The music video for "Cowboy Style" was directed by Michael Williams and taped at a sound check at one of the Intimate and Live shows in June 1998. The music video was dubbed with the radio edit, and it was featured on the CD single. The music video was released on the DVD version of Greatest Hits 87–99 in June 2003.

=== Live performances ===
Minogue performed "Cowboy Style" on the Australian morning TV series Hey Hey It's Saturday. Minogue included the song on the set list for her 1998 concert tour Intimate and Live. The performance was recorded on 30 June and 1 July at Capitol Theatre in Sydney, and appeared on the related CD and DVD. The live version also appeared on her promotional single "Dancing Queen". "Cowboy Style" was included on her 2002 Australian and European Fever Tour. The performance featured Minogue standing on a level of staircases, dressed in a bright-pink sleeveless jacket with white cargo pants. The performance was recorded on 4 May 2002 at Manchester Arena in Manchester, England, and was released on 4 November that same year. The song's most recent performance was on the Showgirl: The Homecoming Tour in 2006. The performance was recorded on 12 November 2006 in Sydney, Australia and was released as a double CD set.

== Other usage ==
"Cowboy Style" was released in mid-1997 in the UK on a cassette tape with all other album tracks as part of a promotional release and a CD sampler. "Cowboy Style" has been featured on many of Minogue's compilation albums.

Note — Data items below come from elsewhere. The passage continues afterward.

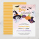 Baby Dusche Einladung für Little Boo Halloween-Party mit niedlichen Kürbis, Geist und Fledermäuse.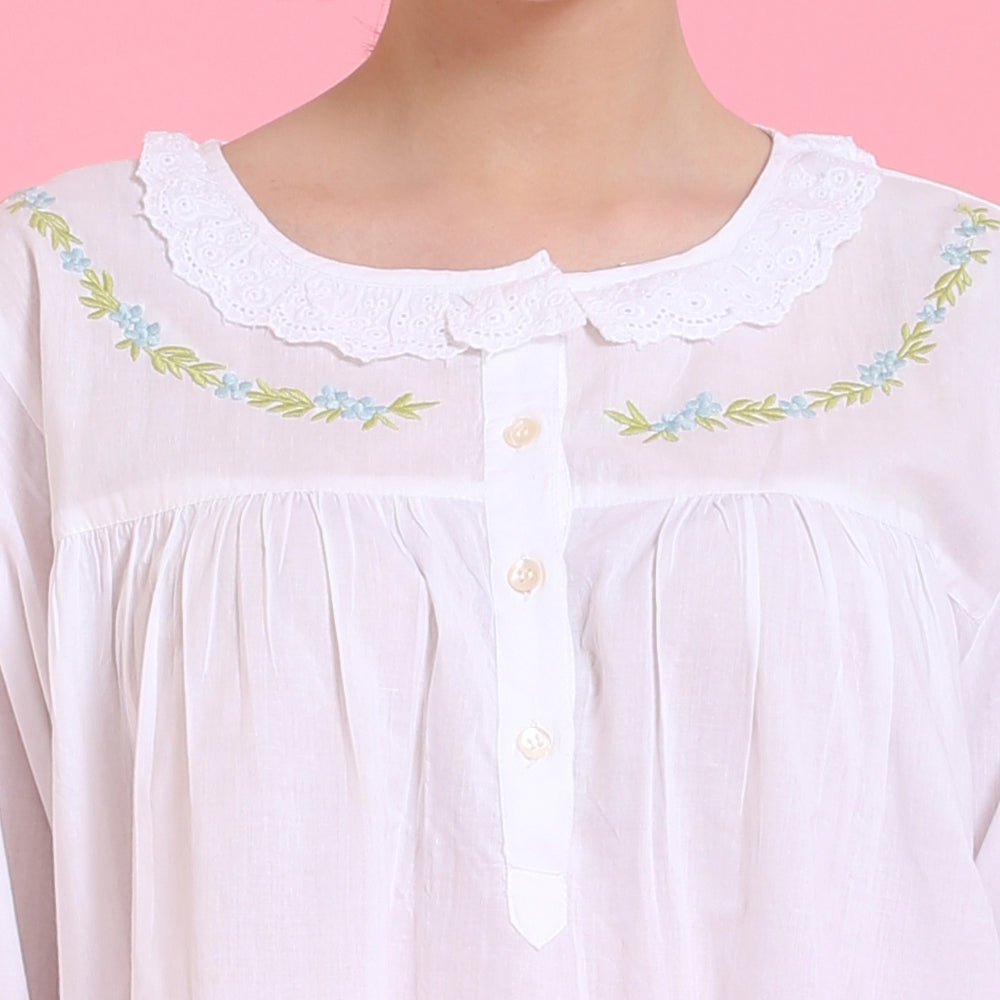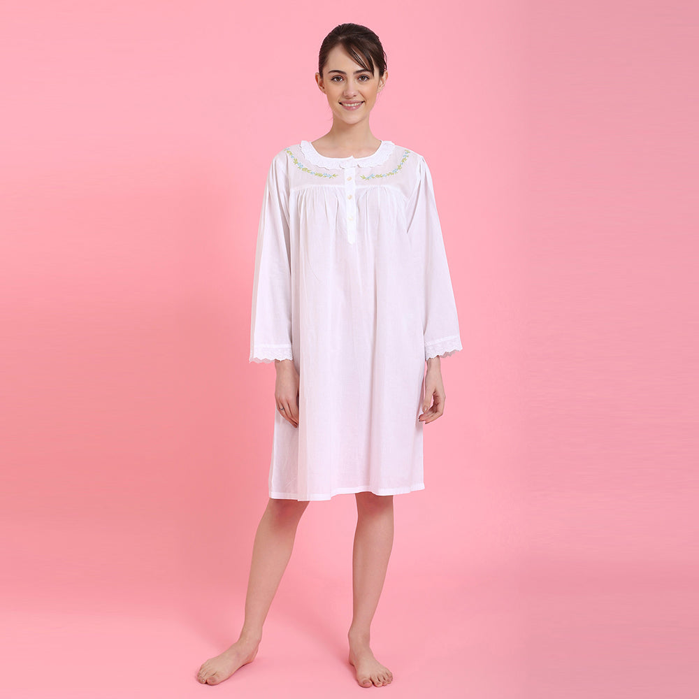 Soft and delicate embroideries, beautiful laces and mother of pearl buttons are some of the details incorporated in each style. All our sleepwear is made with 100% cotton Cambric fabric. Each piece is pre-washed and pre-shrunk to give you a soft and comfortable fabric experience.
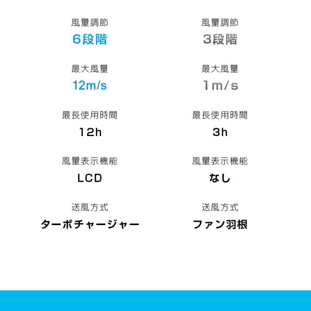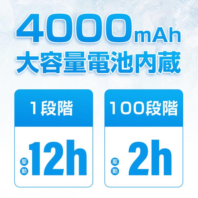 大容量4000mAhバッテリーを搭載し、最大12時間の連続駆動が可能です。充電時間は約3時間と短く、フル充電後は長時間に使用できます。外出先や旅行先でも電池切れを気にせず、一日中涼しい風を提供します。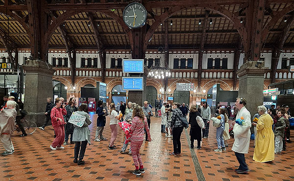 Vi byder politikere op til dans for nattog fredag aften d. 12.12. kl. 19. På dette tidspunkt bliver fliserne midt i hallen på Københavns Hovedbanegård omdannet til dansegulv for en tavs, men intens disco-manifestation. De dansende vil være i nattøj med hovedpuder og bamser, og der vil være unge såvel som ældre, som medvirker. Det er et Pyjama Party, som finder sted samtidig på mere end 14 europæiske banegårde.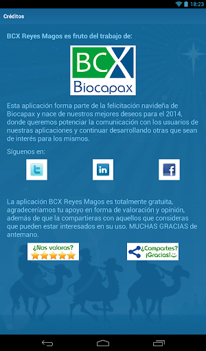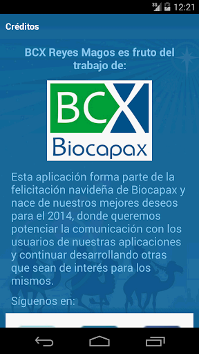 BCX Reyes Magos forma parte de la felicitación navideña de Biocapax y nace de nuestros mejores deseos para el 2014, donde queremos potenciar la comunicación con los usuarios de nuestras aplicaciones y continuar desarrollando otras que sean de interés para los mismos.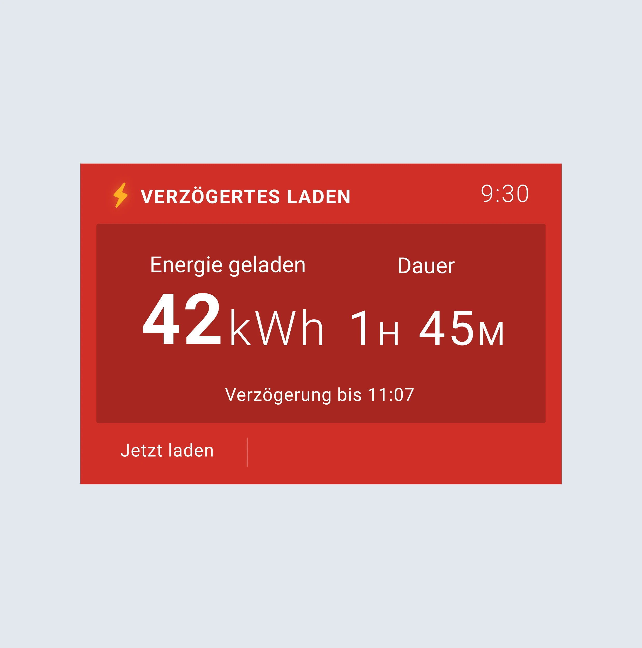 Sobald der Ladevorgang verzögert wurde, siehst du oben links „Verzögertes Laden” sowie „Verzögert bis” mit der Uhrzeit, zu der Ohme mit dem Laden beginnen soll.

Its first appearance was on her 2002 BMG greatest hits compilation album Confide in Me, a compilation consisting majority of her singles and tracks from her Deconstruction period; Heather Phares from AllMusic praised the Impossible Princess tracks including "Cowboy Style". It then appeared on her 2003 compilation album Greatest Hits: 87–99, and her 2004 album Artist Collection, which included most of her Impossible Princess era. It appeared on the first disc of Confide in Me: The Irresistible Kylie released in July 2007 by UK independent label Music Club and her K25: Time Capsule by Warner Music Australia.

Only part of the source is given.